Mais son état empirait à nouveau chaque fois qu’il retournait au centre. «J’étais stigmatisé. On ne savait pas comment traiter des cas spéciaux comme le mien», explique Khater Obeida.
ORS rétorque de son côté que les réfugiés sont en tout temps «traités avec respect et d’égal à égal, en tenant compte notamment de leurs problèmes physiques et/ou psychologiques».
Grâce à son «travail intensif avec le personnel d’encadrement», ORS déclare par ailleurs s’engager avec un «degré supérieur à la moyenne» auprès de personnes dans le besoin comme Khater Obeida, «afin de leur apporter le meilleur soutien possible sur la voie de la guérison de leurs expériences traumatisantes».
«Problème structurel»
Matthias Rysler, responsable du point de contact du réseau de solidarité à Berne, déclare qu’il existe en Suisse un problème systémique dans la prise en charge des réfugiés, en particulier des personnes traumatisées et vulnérables qui ne savent pas comment s’aider elles-mêmes et qui ont besoin d’un soutien particulier.
Il attribue ce problème au «manque de dépistage systématique des demandeurs d’asile, afin d’identifier les victimes de torture, les personnes traumatisées et les personnes ayant des besoins particuliers». Selon Matthias Rysler, un traumatisme ou une souffrance psychologique ou physique ne peuvent être détectés que lors d’une visite chez le médecin.
Pour Naomi Weber, directrice générale de l’Observatoire suisse du droit d’asile et des étrangers, l’histoire de Khater Obeida n’est pas non plus un cas isolé. En Suisse, il n’existe pas de chiffres nationaux sur les demandeurs d’asile traumatisés.
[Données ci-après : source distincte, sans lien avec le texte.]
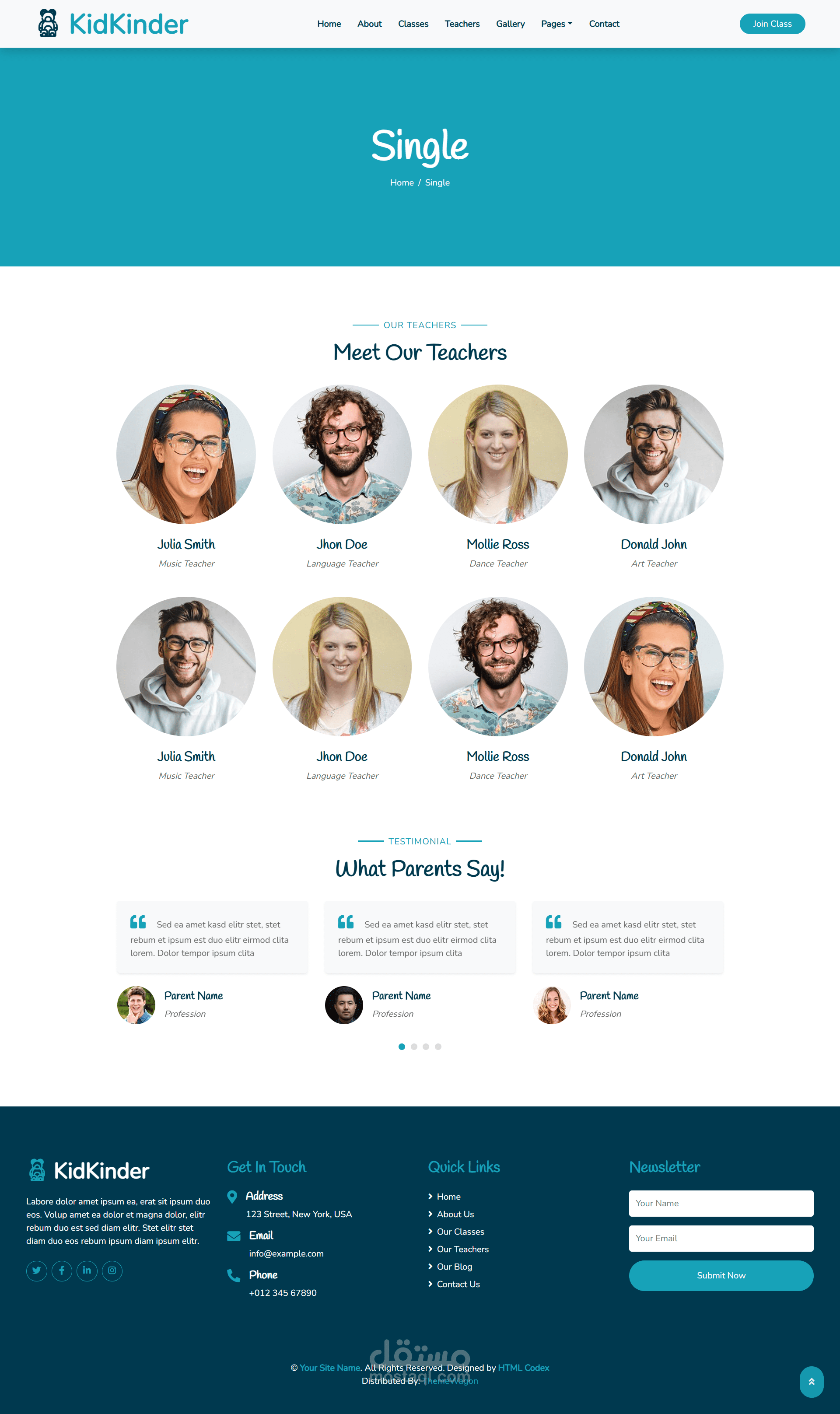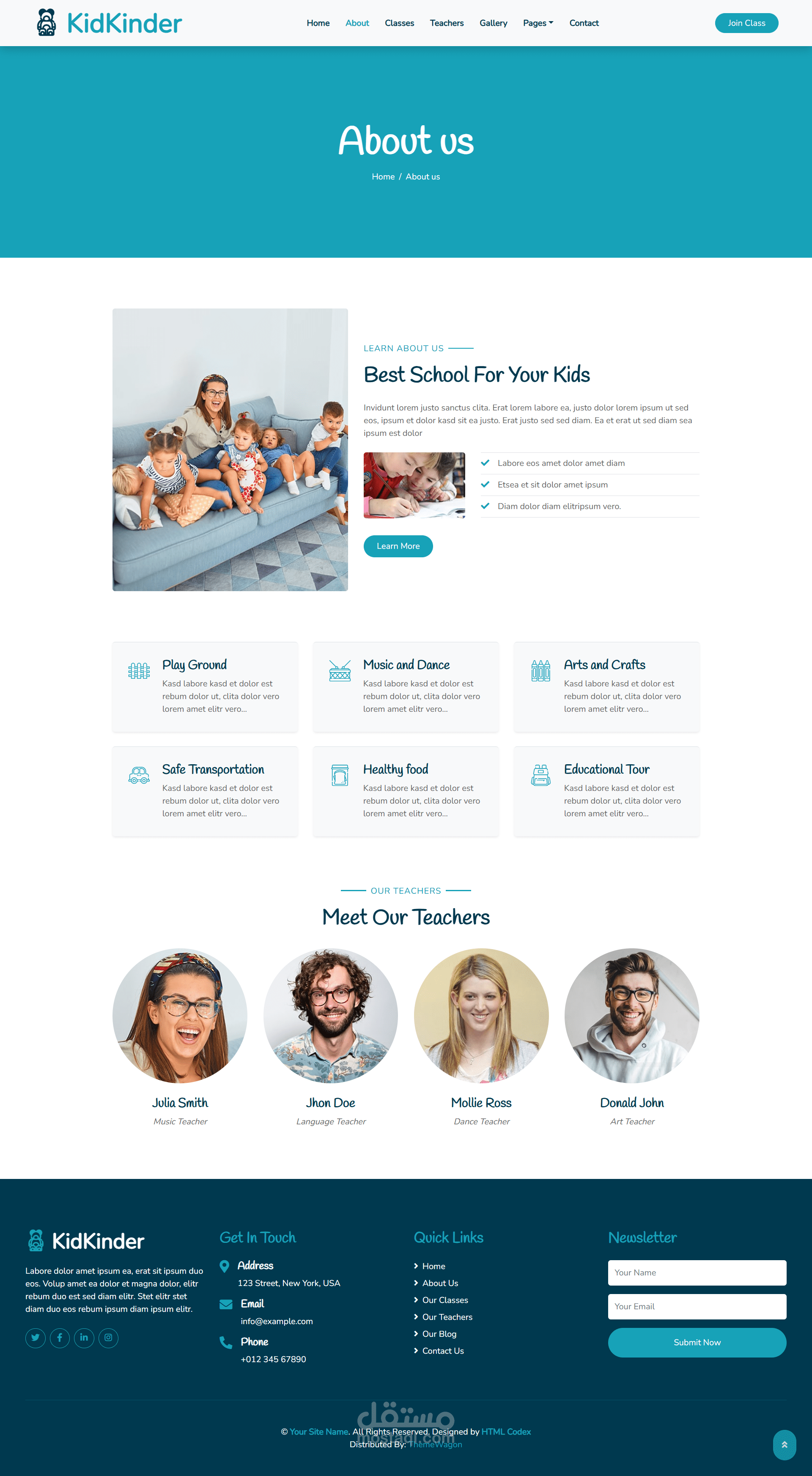 فريق المعلمين: يعرض معلومات عن المعلمين المؤهلين في مجالات مختلفة مثل الموسيقى واللغة والرقص والفن، مع صورهم ووصف مختصر عن خبراتهم.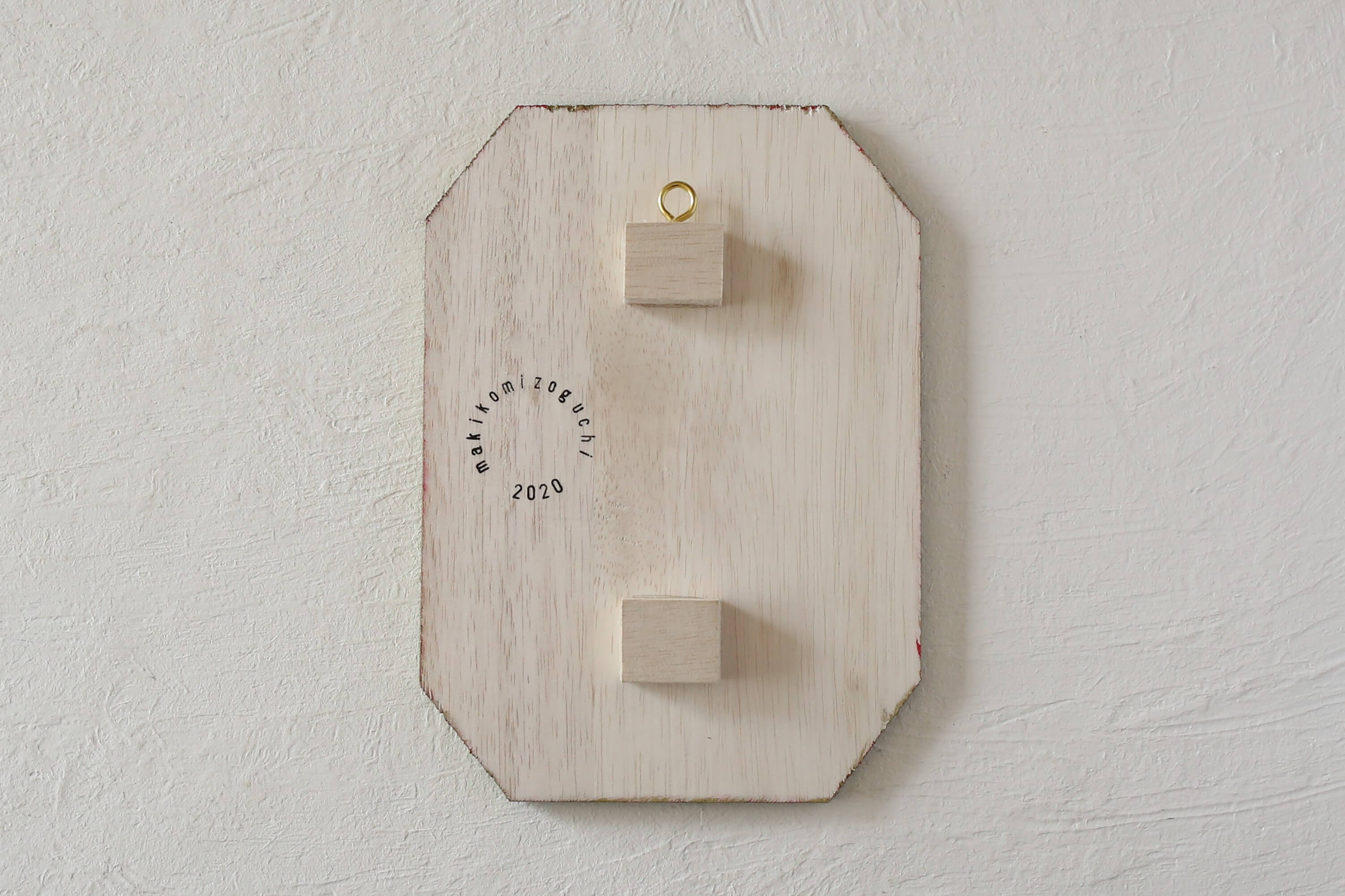 裏面に木片を付けているのでオブジェが壁から少し浮いているように見えます。

Cependant, en prenant en compte la situation mondiale, des études scientifiques montrent qu’environ la moitié des réfugiés souffrent de maladies mentales. Parmi les principaux diagnostics identifiés figurent la dépression et les troubles de stress post-traumatique.
«En ce qui concerne la situation dans les centres d’asile fédéraux et dans les procédures d’asile, nous constatons qu’il existe un problème structurel dans l’identification des demandeurs d’asile traumatisés», souligne Naomi Weber. D’une part, les traumatismes ne sont pas suffisamment reconnus et, d’autre part, on leur accorde trop peu d’attention.
Une question d’économies
Matthias Rysler critique également le fait qu’il n’existe pas de procédures et de règles établies pour traiter les réfugiés traumatisés. Il estime également que les structures d’hébergement existantes ne répondent en aucune façon à leurs besoins. «Pour les personnes souffrant de stress post-traumatique ou de maladies similaires, le séjour dans un logement collectif est généralement particulièrement stressant et les rend malades», relève-t-il.
Aux yeux de Matthias Rysler, il est clair qu’il s’agit d’un problème systémique, provoqué par la pression pour économiser et des finances serrées. C’est pourquoi des organisations privées telles qu’ORS ont régulièrement reçu des mandats du secteur public.
Des économies seraient alors réalisées dans le secteur du personnel. Seuls quelques rares employés d’ORS et d’autres organisations privées auraient les connaissances spécialisées nécessaires pour fournir le service. En règle générale, les employés seraient souvent des personnes issues de domaines professionnels complètement différents.
Pour Naomi Weber, la situation est fondamentalement problématique lorsque le secteur privé à but lucratif devient actif dans le domaine de l’aide humanitaire. «Il faut naturellement se demander combien une entreprise privée peut dépenser pour des soins de qualité aux demandeurs d’asile», dit-elle.
Dans le cas de Khater Obeida, Naomi Weber critique notamment le lieu d’hébergement. «Nous ne comprenons pas pourquoi des demandeurs d’asile particulièrement vulnérables sont hébergés dans une ancienne prison». Cela pourrait déclencher certaines émotions et, dans le pire des cas, conduire à une retraumatisation, estime-t-elle.